Q: Do you pay any mind to the amount of media attention a type of music or scene is getting at a given time? I'm wondering about countrified parts in particular.
A: I think insurgent country, whatever it is, had a fairly lucky escape because after the Nirvana punk thing, a lot of the Aes of our CDs. Bloodshot, other major labels wanted them. We're like, just stuff it, don't send them. Don't f***ing care. Some bands have gone [big], but it was meant to be the next big thing. And it wasn't a new thing, it was more a continuation of something that's been going on, to the left of Nashville, for years and years and years.

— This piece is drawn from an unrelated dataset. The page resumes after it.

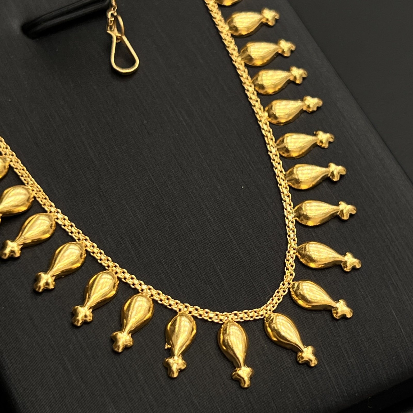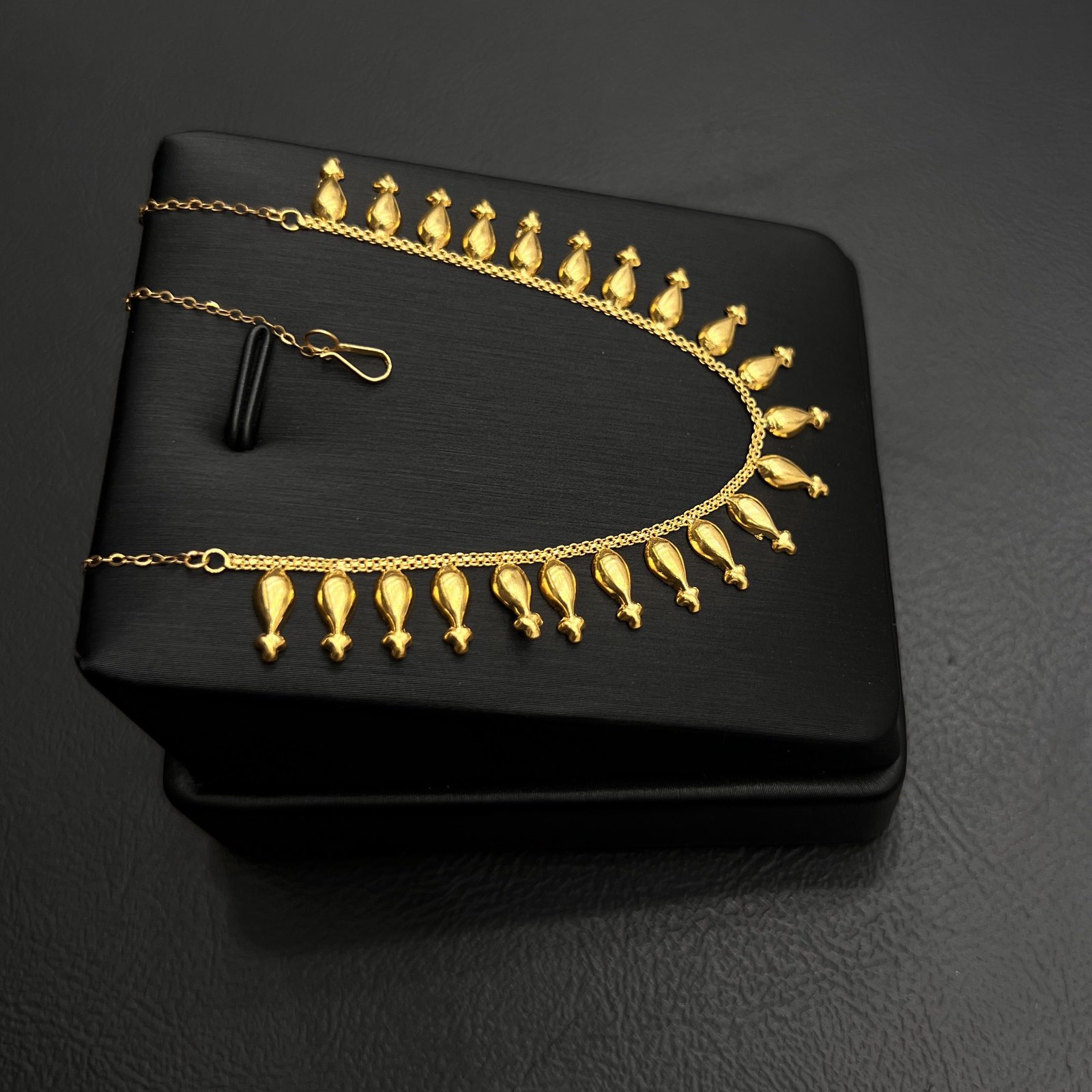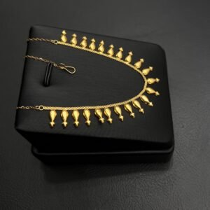 تم تصميم عقد ياسمينه بعناية فائقة باستخدام الذهب عالي الجودة عيار 21، مما يمنحه صلابة ورونقًا دائمًا. مظهره الجذاب والدقيق يبرز جمال الذهب الأصلي، ويتمتع بلمسة مشرقة وراقية تجعل من هذا العقد استثمارًا يستحق الاقتناء. كما يتميز بسهولة التكيف مع مختلف أنماط الملابس، مما يجعله خيارًا متعدد الاستخدامات لأي مناسبة.

Q: The perfunctory question: What's next?
A: I'm working on an album with Sally. It's going be a split-sets kind of thing. We got invited to play the Calgary Folk Festival. I think folk is the way to go. Every other form of music, you're too old when your 30. Like, I'm 42 and I'm a young upstart in the folk world. I'm figuring your fee goes up and up. By the time me and Sally are 70, we could probably be making some good money. And we'd have 30 more years to get our s*** together. So we think that's the plan at the moment.